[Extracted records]
---------------

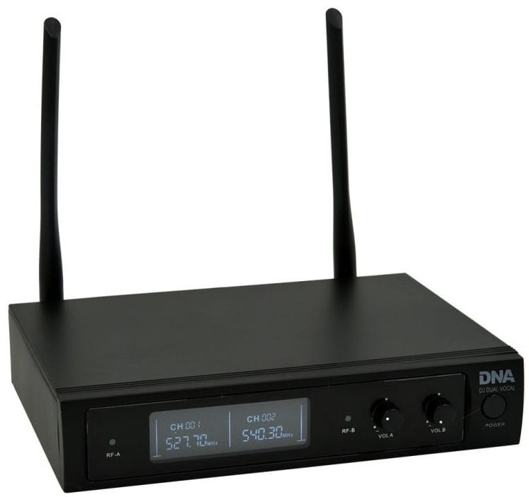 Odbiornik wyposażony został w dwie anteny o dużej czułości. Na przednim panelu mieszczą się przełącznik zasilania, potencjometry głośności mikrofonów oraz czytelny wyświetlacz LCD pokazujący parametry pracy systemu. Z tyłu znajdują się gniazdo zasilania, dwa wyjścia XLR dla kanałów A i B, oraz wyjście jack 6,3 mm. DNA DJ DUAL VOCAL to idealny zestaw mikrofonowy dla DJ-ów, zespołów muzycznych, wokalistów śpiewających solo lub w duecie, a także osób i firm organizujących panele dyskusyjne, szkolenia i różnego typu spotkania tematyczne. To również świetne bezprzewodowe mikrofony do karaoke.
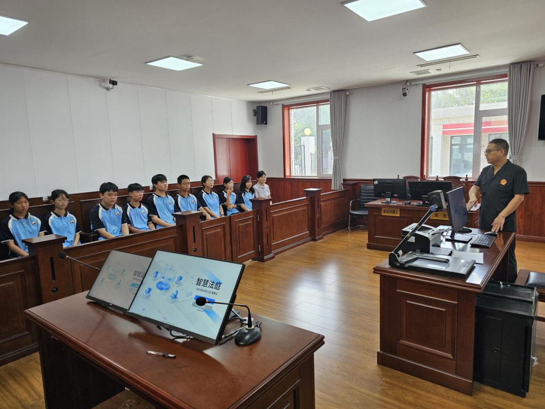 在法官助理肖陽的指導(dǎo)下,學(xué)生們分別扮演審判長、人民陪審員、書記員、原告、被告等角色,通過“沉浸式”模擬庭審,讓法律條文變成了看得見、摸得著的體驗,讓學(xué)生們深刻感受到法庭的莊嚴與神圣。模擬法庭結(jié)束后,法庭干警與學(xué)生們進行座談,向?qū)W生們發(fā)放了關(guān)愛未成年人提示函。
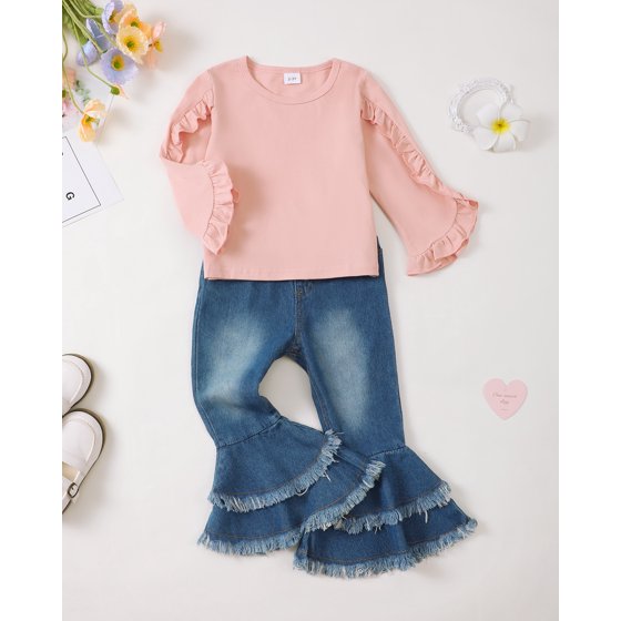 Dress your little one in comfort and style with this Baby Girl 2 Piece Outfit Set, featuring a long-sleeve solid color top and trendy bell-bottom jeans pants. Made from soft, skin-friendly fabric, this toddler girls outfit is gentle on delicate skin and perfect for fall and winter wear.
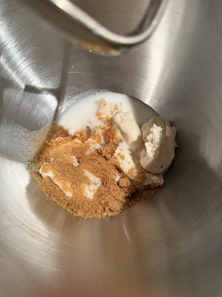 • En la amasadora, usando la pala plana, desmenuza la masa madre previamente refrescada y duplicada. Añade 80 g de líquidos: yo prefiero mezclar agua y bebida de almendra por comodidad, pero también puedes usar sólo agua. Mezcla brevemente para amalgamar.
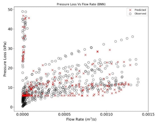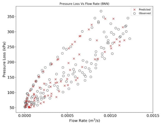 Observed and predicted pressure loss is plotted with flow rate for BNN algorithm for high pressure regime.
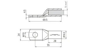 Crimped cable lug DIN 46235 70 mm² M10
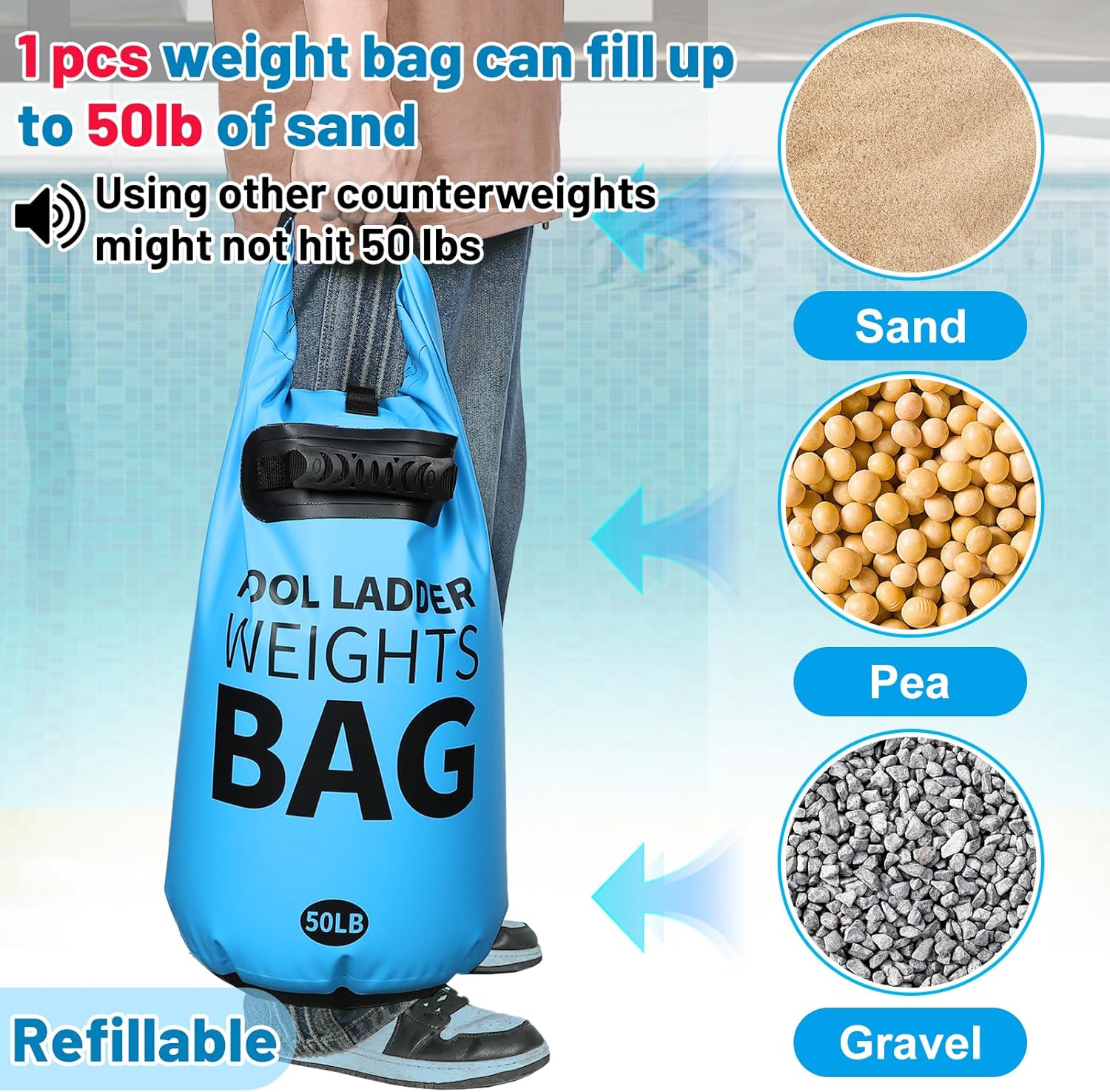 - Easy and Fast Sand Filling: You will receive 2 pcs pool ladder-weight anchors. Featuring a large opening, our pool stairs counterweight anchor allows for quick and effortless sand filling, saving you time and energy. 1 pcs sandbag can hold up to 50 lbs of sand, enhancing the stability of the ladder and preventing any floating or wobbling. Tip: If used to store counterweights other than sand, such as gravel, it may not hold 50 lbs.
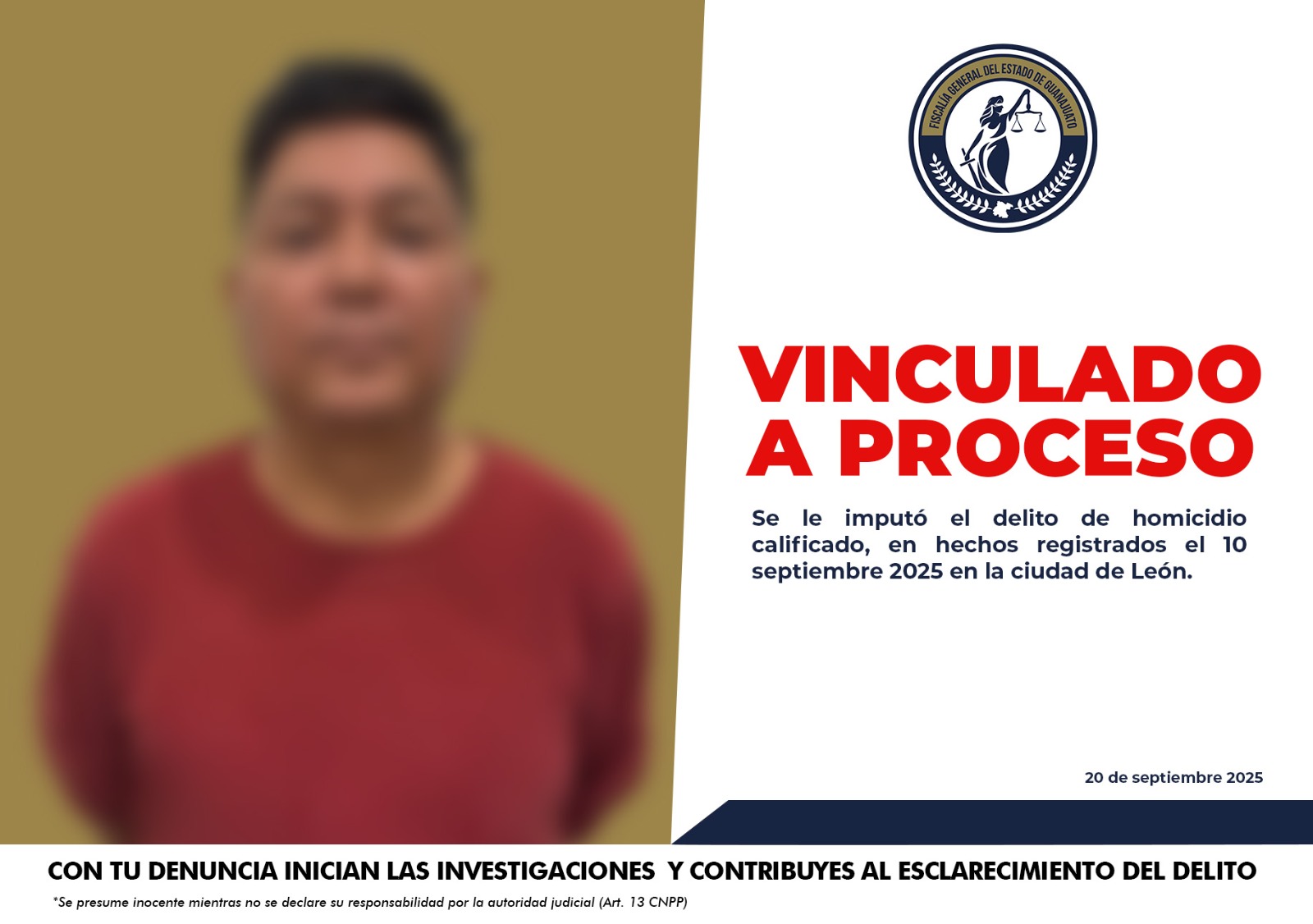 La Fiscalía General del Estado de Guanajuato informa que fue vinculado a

---------------

**Directions**
Whatever pictures the records hold, omit them; give again exactly the lines from the one containing "Dress your little" through the one containing "brevemente para amalgamar.".

**Problem solution**
 Dress your little one in comfort and style with this Baby Girl 2 Piece Outfit Set, featuring a long-sleeve solid color top and trendy bell-bottom jeans pants. Made from soft, skin-friendly fabric, this toddler girls outfit is gentle on delicate skin and perfect for fall and winter wear.
 • En la amasadora, usando la pala plana, desmenuza la masa madre previamente refrescada y duplicada. Añade 80 g de líquidos: yo prefiero mezclar agua y bebida de almendra por comodidad, pero también puedes usar sólo agua. Mezcla brevemente para amalgamar.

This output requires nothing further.